[OpenAFS] Odd behavior during vos release

Kevin Hildebrand kevin@umd.edu
Wed, 9 Nov 2011 14:38:10 -0500 (EST)


We've been having unusual slowness and hangs at times on some of our 
fileservers, and I think I have a handle on the sequence of events, if not 
the cause.  I could use some assistance in filling in the gaps so I can 
see if we can fix things.

Right now, I have a heavily used volume (by many clients) that is released 
on a frequent basis (as often as every ten minutes).  This volume has 
three read-only replicas.  The volume is about 200MB in size.
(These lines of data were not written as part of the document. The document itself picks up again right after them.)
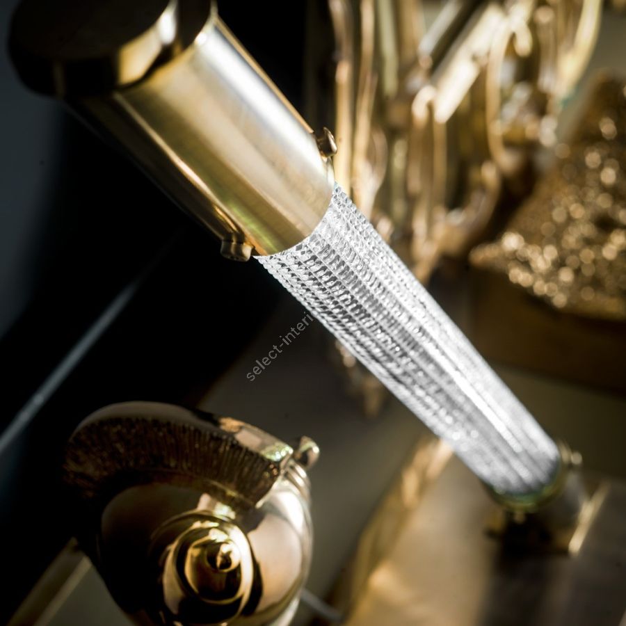 Brass table lamp in golden satin finish and hand cut crystal.
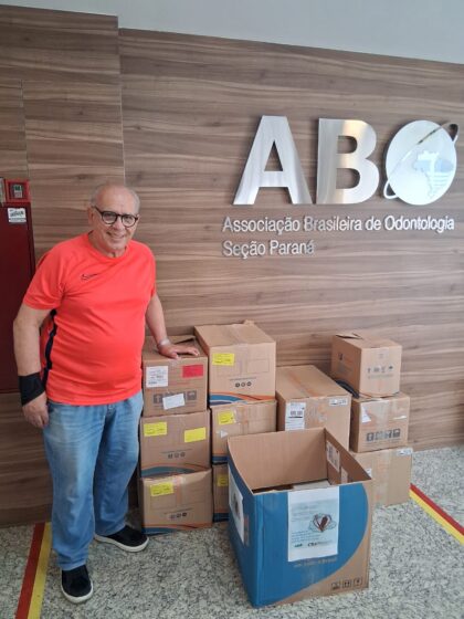 O diretor de Ação Social da ABO-PR, Dr. Luiz Antônio de Almeida, já está com as doações prontas para envio.
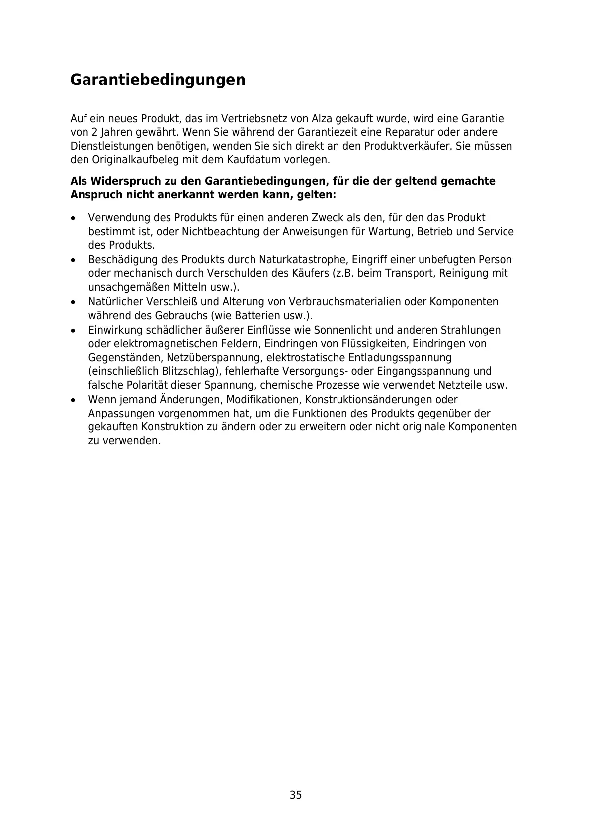 Als Widerspruch zu den Garantiebedingungen, für die der geltend gemachte
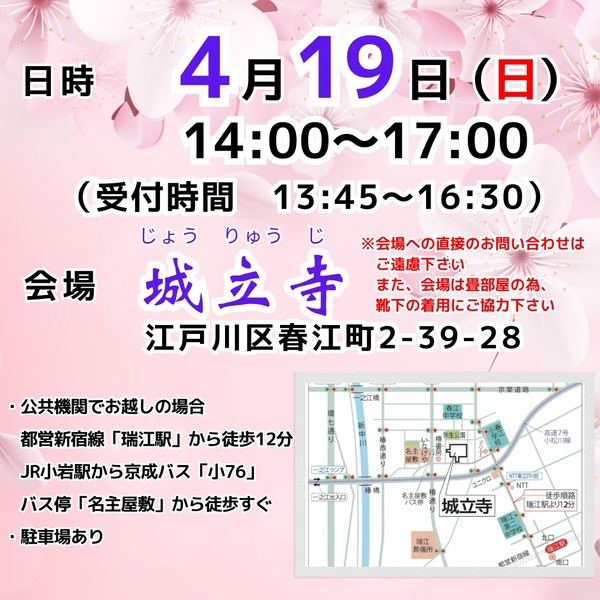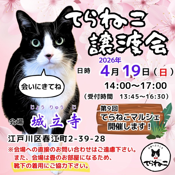| イベント内容 | 掲載が追いついておりませんが、子猫から成猫まで、たくさんの猫ちゃんが参加します。 9回目となる「てらねこマルシェ」も同時開催! 猫雑貨、アニマルコミュニケーションなど、猫好き以外も楽しめるイベントになる予定。 最新情報はInstagramで発信しています‼️ てらねこ譲渡会は、江戸川区支援ボランティアが運営を担い、区外の保護主にも門戸を開き、季節のお花に囲まれた美しいお寺、城立寺様のご協力の下、開催しています。 単身者、高齢者の方など、なかなかお迎えが叶わない方もご相談ください。 子猫から成猫までたくさんの可愛い猫ちゃんが参加します(体調不良の場合、予告なく不参加になる場合があります) 【第23回 てらねこ譲渡会】 日時:2026年4月19日(日) 14:00~17:00 (受付13:45/最終受付16:30) 会場:城立寺(じょうりゅうじ) 住所:江戸川区春江町2-39-28 https://maps.app.goo.gl/rE7j8HNxzK1VV3rAA?g_st=com.google.maps.preview.copy ・公共機関でお越しの場合 都営新宿線「瑞江駅」から徒歩12分 JR小岩駅から京成バス「小76」 バス停「名主屋敷」から徒歩すぐ ※敷地内に駐車スペースがあります(満車の際は近隣にコインパーキングもあります。 |
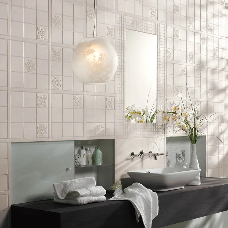 最基本的布置方法:是从卫浴间门口开始,由低到高逐渐深入。
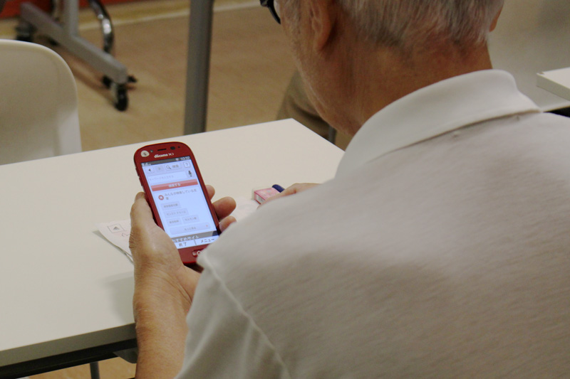 講座に来ていた方々は皆スマホに興味があるシニアの方々なのはもちろんだが、スマートフォンを使ってみたい理由としては、「友達や家族とLINEがやりたい」「子供から勧められた」「地図検索がしたい」といった内容が多かった。また、ケータイを使っている方の他に、すでにスマホを使っている方という方も何人か来ていた。スマホを使っている方の中には、現在はシニア向けではない普通のスマホを使っている人もおり、「操作がわかりにくい」「画面が小さくて読みにくい」「すぐ反応してしまって操作しにくい」などの点でストレスを感じているということだった。
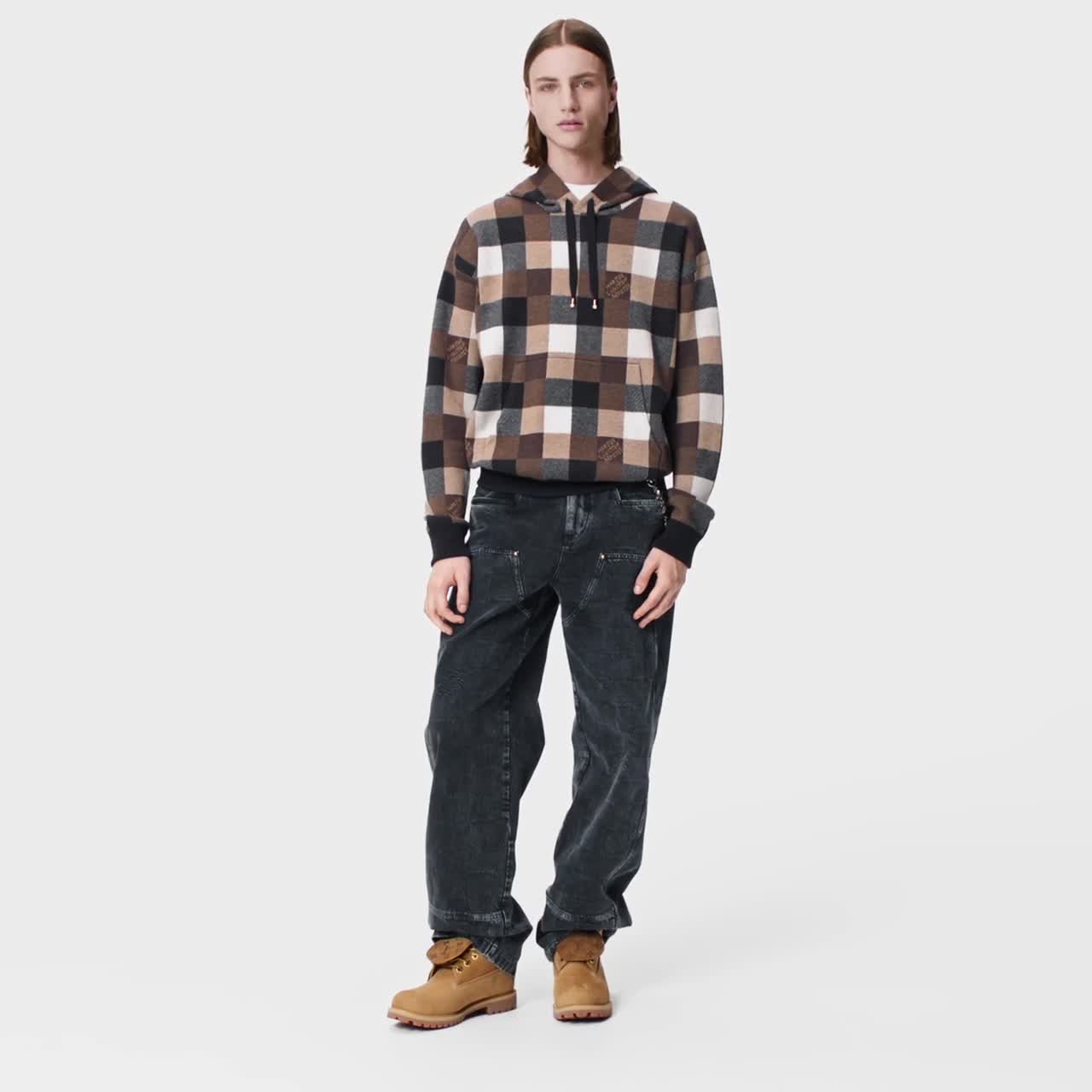 Em uma mescla refinada e macia de cashmere e lã, este sofisticado moletom com capuz revela o xadrez country do desfile Fall-Winter 2024. Assinaturas “Marque L.Vuitton déposée” são integradas ao jacquard, enquanto as pontas do cordão do capuz ajustável trazem pérolas e Flores do Monogram. Elegante e despojada, esta peça casual complementa as silhuetas utilitárias da coleção.
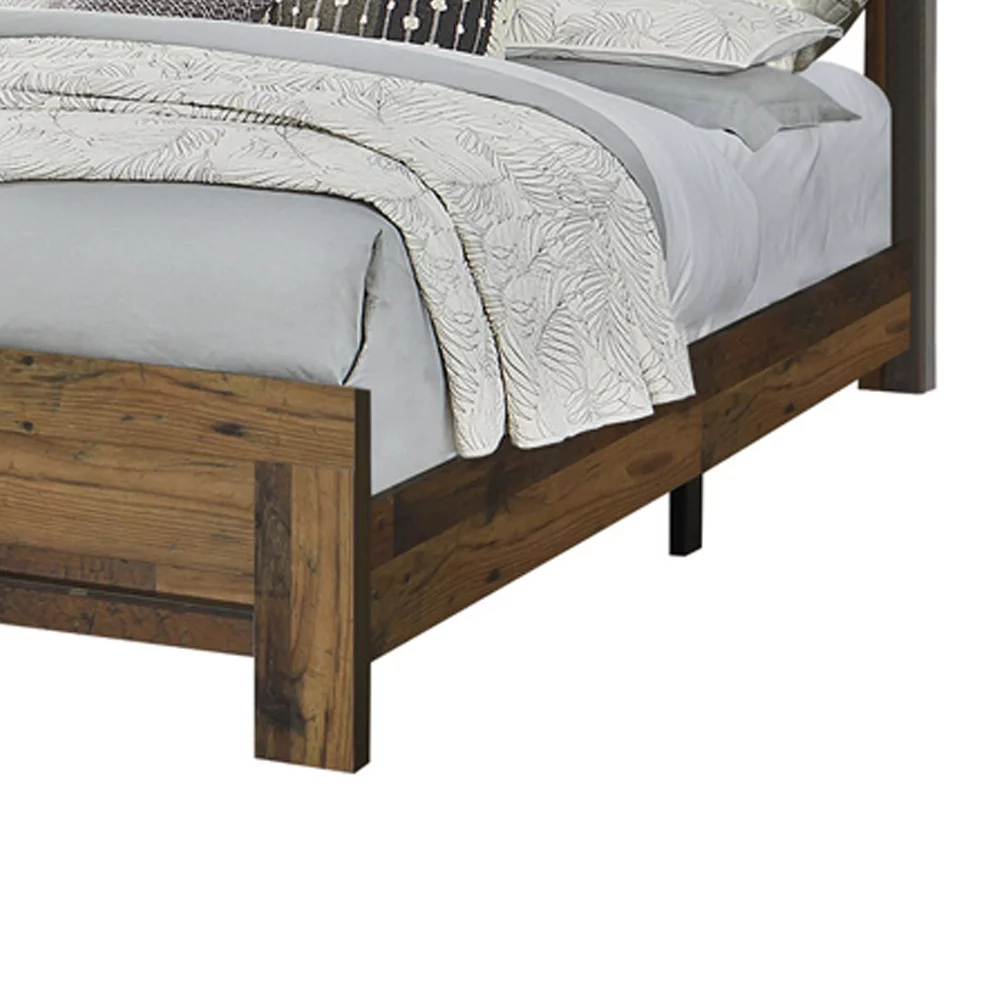 Contemporary Style Twin Size Bed with Rustic Details Dark Brown- Saltoro Sherpi
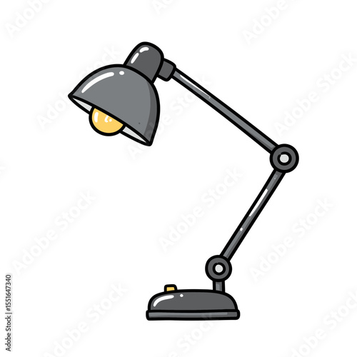 Clean Digital Illustration of an Adjustable Grey Desk Lamp Emitting Soft Warm Light Perfect for Enhancing Focus During Late Night Study Sessions or Office Work Tasks
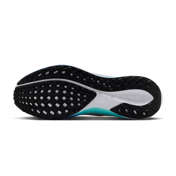 La parte superior está hecha de malla técnica aún más ligera y transpirable, con más zonas de contención en el mediopié, lo que proporciona un soporte torsional óptimo. La entresuela se ha reformulado con el uso del compuesto ReactX que envuelve dos unidades Zoom Air, ahora más estable y elástica para una fase de apoyo más eficiente, un despegue más enérgico y, en general, una zancada más fluida. La banda de rodadura presenta un diseño más ancho y una banda de goma antiabrasión Waffle que proporciona un agarre perfecto al suelo.
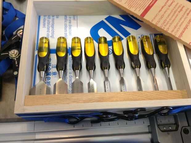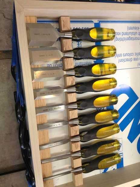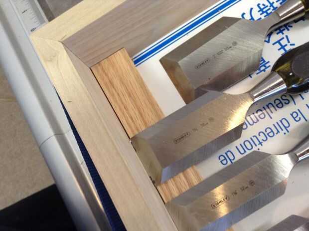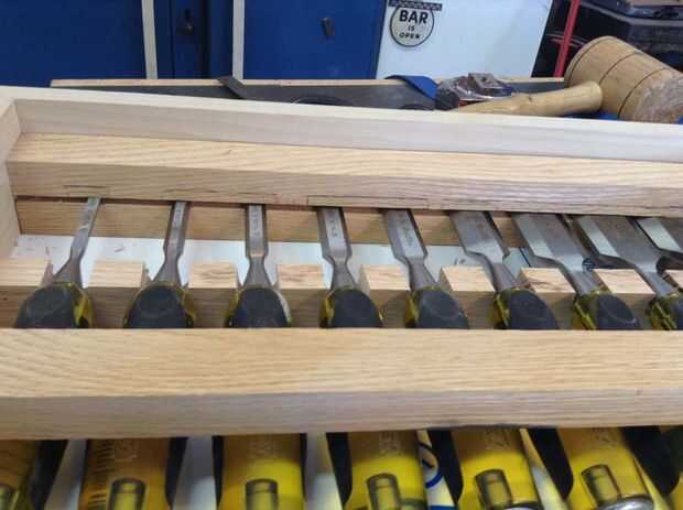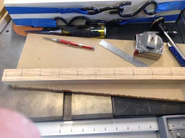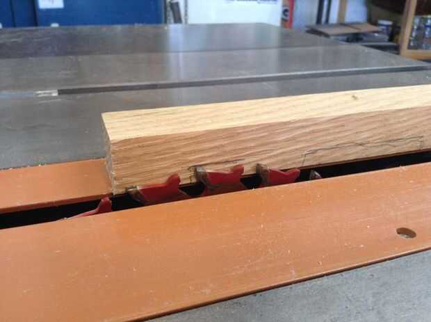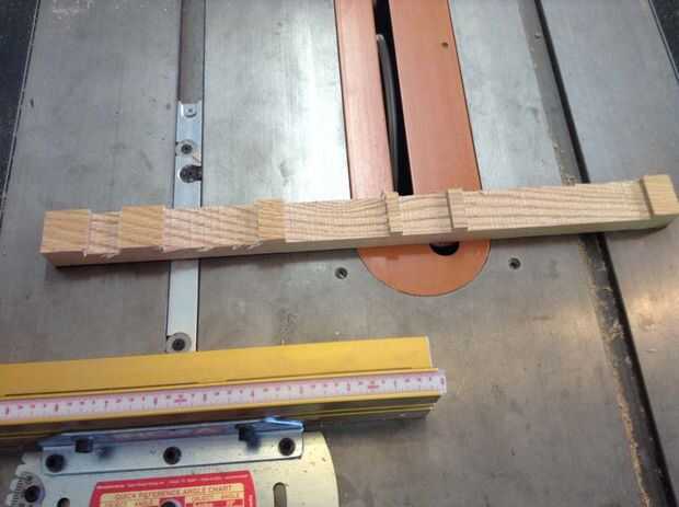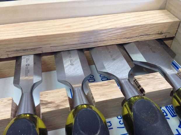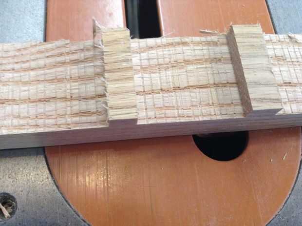 A partir de la baranda inferior, coloqué los cinceles en la parte superior un 1/2" espesor pieza de roble de 1". Esto ayudó a mantener los cinceles en un plano posición con ningún bamboleo de reposo. A continuación, coloca un 3/4" ancho 1/2" espesor listón encima de la hoja de cincel en la parte inferior de la cabina y había marcado dónde sería la ubicación de las hojas. Luego usé mi sierra de mesa para comer lejos de 3/16 Avos del espesor lejos para permitir que las cuchillas del cincel se deslice bajo. Entonces pegué bajo las hojas de cincel en la parte inferior del riel. Ahora pega el travesaño en el lugar y deje que se seque.
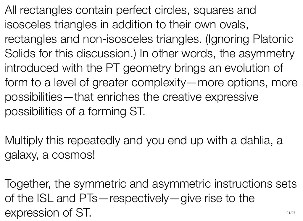 All rectangles contain perfect circles, squares and isosceles triangles in addition to their own ovals, rectangles and non-isosceles triangles. (Ignoring Platonic Solids for this discussion.) In other words, the asymmetry introduced with the PT geometry brings an evolution of form to a level of greater complexity—more options, more possibilities—that enriches the creative expressive possibilities of a forming ST.
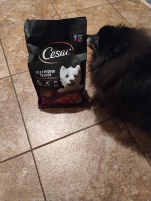 My dog loved this food, and couldn't get enough of it at meal times. He seemed to love the variety of having the tender pieces, as well as the crunchy kibble. Cesar may be a bit more expensive, but definitely worth it.
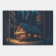 Tents, Campfires, log cabins and other camping themed graphics birthday gift wrap.
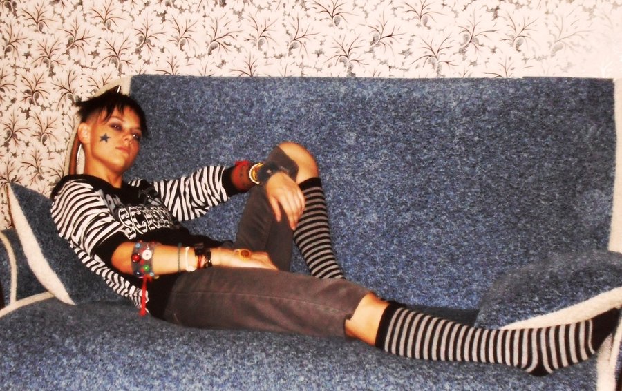 -Awesome cosplay(!) of SWAN!Nny on a couch, chilling with headphones.
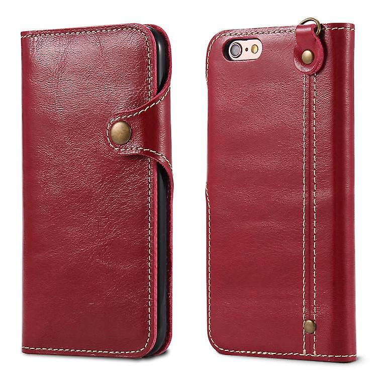 Genuine Leather Wallet Case Card Slot For Iphone7 /8 Rose Red Buttons No4463
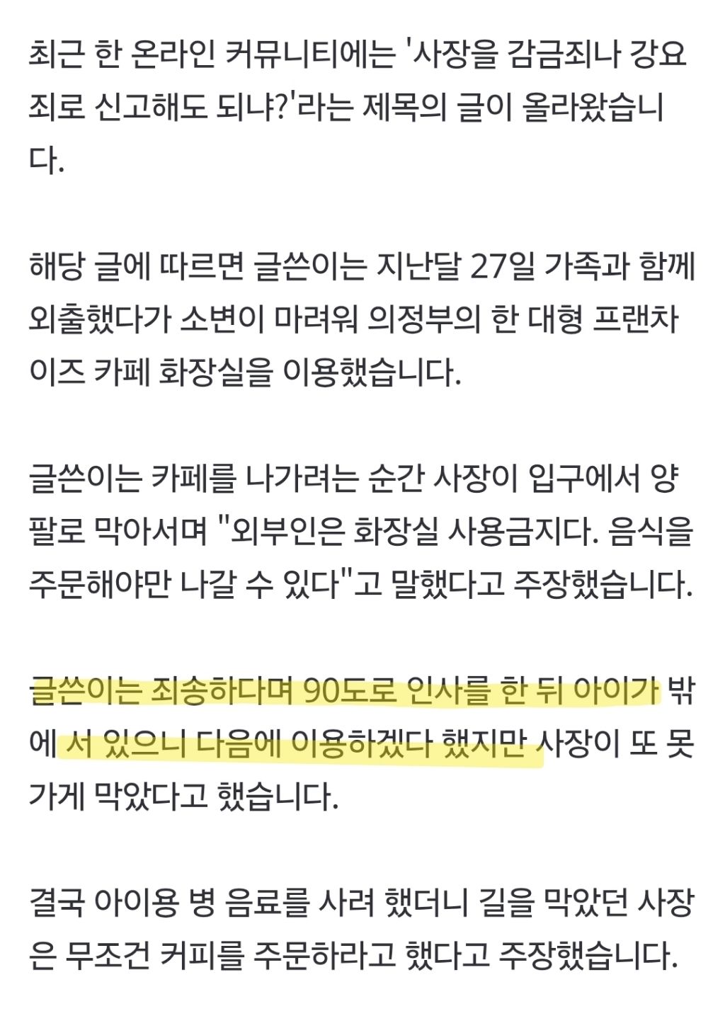전에 여시쩌리에도 올라왔던 이 사건ㅎㅎㅎ 어떤 부부가 아이랑 같이 카페에 와서 화장실을 이용하려고 했는데 90도로 인사하고 키즈음료 주문한다고 했음에도 불구하고 사장이 이용을 못하게 했다면서 사장을 감금죄로 처벌 가능하냐고 커뮤에 올라왔던 글 (부부 중 남편이 올림)

What I'm observing is that as soon as the vos release begins, one or more 
of the readonly replicas start accumulating connections in the 'error' 
state.  FileLog shows incoming FetchStatus RPCs to that replica are not 
being answered.  If this condition occurs long enough, all of these 
connections eventually fill up the thread pool and the fileserver stops 
serving data to everything else.

At some point, up to five minutes later, as the release proceeds, the 
replica in question gets marked offline by the release process.  At this 
time, all of the stuck RPCs get 'FetchStatus returns 106' (VOFFLINE), at 
which point the connection pool clears, and life on the fileserver returns 
to normal.

What I can't figure out is what's going on during the time the RPCs are 
hung, and why the connections show 'error'.  (How does one determine what 
the error condition is, when viewing rxdebug output?)
Why would an RO replica be hung during a vos release?

Any clues on where to look next would be appreciated.

Thanks,
Kevin

--
Kevin Hildebrand
University of Maryland, College Park
Office of Information Technology